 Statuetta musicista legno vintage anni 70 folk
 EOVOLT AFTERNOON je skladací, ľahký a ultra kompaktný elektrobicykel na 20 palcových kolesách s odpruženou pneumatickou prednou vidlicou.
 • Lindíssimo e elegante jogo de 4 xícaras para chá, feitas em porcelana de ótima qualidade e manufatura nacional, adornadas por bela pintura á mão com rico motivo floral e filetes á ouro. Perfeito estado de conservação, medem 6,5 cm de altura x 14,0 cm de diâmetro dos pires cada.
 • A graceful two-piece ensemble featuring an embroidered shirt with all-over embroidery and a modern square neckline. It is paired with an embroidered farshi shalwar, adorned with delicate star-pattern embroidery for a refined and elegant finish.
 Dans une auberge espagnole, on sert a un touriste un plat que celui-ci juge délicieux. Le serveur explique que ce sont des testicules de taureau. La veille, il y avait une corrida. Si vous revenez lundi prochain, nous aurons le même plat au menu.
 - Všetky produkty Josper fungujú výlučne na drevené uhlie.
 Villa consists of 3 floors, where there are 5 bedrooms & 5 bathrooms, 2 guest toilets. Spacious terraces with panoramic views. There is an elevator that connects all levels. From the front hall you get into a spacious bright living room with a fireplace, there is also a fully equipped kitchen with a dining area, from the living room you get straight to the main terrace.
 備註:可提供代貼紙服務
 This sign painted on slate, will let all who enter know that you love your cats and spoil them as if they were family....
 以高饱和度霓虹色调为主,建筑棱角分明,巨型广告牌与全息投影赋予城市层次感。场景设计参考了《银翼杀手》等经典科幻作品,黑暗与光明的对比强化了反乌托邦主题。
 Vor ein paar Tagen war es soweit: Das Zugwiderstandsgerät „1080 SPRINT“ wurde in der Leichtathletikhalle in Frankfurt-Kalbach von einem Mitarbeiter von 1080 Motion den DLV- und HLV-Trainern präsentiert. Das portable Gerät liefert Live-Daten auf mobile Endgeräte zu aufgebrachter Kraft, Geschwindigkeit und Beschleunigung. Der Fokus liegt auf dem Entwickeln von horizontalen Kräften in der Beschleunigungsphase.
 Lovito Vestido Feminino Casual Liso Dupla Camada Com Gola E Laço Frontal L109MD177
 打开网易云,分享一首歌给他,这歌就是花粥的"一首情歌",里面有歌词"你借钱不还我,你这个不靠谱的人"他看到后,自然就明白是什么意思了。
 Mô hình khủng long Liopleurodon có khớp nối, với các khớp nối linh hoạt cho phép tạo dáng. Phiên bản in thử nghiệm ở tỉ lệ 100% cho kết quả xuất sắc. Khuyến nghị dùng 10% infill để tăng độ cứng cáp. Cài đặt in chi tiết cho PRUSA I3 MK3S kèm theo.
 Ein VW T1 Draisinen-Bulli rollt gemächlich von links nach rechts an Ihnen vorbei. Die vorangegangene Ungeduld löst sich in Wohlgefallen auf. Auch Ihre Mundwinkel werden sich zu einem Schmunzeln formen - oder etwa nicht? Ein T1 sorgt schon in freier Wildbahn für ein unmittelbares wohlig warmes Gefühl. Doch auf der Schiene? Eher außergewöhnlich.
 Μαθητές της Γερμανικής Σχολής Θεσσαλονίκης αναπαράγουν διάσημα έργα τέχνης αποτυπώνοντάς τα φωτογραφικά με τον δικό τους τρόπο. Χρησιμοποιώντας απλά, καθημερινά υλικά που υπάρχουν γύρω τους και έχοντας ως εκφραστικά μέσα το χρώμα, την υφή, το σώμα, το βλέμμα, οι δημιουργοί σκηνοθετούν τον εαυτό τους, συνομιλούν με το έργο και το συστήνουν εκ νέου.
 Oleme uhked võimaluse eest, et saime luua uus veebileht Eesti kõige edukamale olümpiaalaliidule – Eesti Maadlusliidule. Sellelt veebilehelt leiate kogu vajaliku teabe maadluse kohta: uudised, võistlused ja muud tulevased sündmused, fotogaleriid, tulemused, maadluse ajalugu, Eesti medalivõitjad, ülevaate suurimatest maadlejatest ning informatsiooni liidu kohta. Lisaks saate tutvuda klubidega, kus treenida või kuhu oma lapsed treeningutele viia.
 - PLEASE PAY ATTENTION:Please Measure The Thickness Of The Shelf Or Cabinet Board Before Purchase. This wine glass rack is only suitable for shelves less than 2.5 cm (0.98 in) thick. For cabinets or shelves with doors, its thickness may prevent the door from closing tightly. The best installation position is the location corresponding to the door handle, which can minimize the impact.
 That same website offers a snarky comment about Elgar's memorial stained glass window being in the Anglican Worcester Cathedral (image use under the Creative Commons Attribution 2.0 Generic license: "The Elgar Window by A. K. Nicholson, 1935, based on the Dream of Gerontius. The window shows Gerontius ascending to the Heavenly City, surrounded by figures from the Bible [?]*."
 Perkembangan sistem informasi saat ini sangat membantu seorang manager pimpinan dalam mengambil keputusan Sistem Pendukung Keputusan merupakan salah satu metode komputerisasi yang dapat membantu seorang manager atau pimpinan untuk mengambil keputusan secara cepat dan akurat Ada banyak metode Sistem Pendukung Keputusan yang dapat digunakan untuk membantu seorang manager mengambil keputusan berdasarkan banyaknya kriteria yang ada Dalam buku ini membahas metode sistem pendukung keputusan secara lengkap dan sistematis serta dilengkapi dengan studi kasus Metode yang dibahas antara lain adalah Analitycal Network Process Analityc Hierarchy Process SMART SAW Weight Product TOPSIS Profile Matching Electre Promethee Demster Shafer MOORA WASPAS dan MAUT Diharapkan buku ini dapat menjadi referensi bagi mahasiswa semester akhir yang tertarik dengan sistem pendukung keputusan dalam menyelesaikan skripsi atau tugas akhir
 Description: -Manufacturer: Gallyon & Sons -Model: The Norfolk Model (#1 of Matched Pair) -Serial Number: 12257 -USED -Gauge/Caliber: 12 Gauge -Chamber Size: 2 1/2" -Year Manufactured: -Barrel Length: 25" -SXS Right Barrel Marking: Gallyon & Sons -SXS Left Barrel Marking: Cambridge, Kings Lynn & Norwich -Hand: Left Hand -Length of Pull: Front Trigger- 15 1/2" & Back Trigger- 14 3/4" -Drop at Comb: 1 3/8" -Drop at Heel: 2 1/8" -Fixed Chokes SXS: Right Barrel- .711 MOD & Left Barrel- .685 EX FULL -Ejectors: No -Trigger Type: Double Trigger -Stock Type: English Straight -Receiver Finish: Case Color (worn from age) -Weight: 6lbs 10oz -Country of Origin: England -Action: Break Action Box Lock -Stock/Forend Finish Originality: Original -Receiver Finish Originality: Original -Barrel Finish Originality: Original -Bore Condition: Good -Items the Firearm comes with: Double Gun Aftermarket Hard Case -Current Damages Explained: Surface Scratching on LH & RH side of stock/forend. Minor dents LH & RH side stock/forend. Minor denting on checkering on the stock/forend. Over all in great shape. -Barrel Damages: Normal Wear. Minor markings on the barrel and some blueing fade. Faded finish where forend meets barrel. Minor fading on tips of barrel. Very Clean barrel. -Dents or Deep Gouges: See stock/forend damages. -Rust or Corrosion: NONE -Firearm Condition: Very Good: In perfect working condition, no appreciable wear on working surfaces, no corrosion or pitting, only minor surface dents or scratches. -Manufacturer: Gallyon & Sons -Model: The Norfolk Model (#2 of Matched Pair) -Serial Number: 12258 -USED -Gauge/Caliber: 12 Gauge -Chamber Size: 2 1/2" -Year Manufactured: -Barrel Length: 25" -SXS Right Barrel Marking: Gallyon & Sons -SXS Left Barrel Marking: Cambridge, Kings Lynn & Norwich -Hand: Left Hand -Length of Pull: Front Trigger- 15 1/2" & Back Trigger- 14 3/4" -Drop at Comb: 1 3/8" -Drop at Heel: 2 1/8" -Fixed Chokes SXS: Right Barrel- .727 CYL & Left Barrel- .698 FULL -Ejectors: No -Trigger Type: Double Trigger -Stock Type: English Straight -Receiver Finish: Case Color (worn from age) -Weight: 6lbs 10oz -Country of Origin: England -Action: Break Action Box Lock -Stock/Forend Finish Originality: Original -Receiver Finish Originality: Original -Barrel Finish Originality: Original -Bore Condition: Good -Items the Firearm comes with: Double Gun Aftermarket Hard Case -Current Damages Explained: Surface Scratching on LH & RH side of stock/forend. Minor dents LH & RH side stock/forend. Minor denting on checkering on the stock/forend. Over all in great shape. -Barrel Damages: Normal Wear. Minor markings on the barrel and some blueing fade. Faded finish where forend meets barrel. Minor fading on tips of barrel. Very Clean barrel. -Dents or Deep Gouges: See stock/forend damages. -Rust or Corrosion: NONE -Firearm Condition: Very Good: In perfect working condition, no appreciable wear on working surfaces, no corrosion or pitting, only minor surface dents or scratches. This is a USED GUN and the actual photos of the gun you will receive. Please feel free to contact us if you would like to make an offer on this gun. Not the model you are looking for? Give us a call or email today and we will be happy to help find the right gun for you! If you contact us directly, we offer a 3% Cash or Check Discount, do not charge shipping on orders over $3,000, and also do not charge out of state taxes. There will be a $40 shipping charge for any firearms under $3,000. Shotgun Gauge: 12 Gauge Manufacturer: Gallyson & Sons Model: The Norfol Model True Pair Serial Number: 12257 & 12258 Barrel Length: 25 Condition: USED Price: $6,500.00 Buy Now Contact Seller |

::::

* [Exercise aim] Look at the material above and copy, word for word, its lines from the first through the one containing "EOVOLT AFTERNOON je".

* [Result below]
 Statuetta musicista legno vintage anni 70 folk
 EOVOLT AFTERNOON je skladací, ľahký a ultra kompaktný elektrobicykel na 20 palcových kolesách s odpruženou pneumatickou prednou vidlicou.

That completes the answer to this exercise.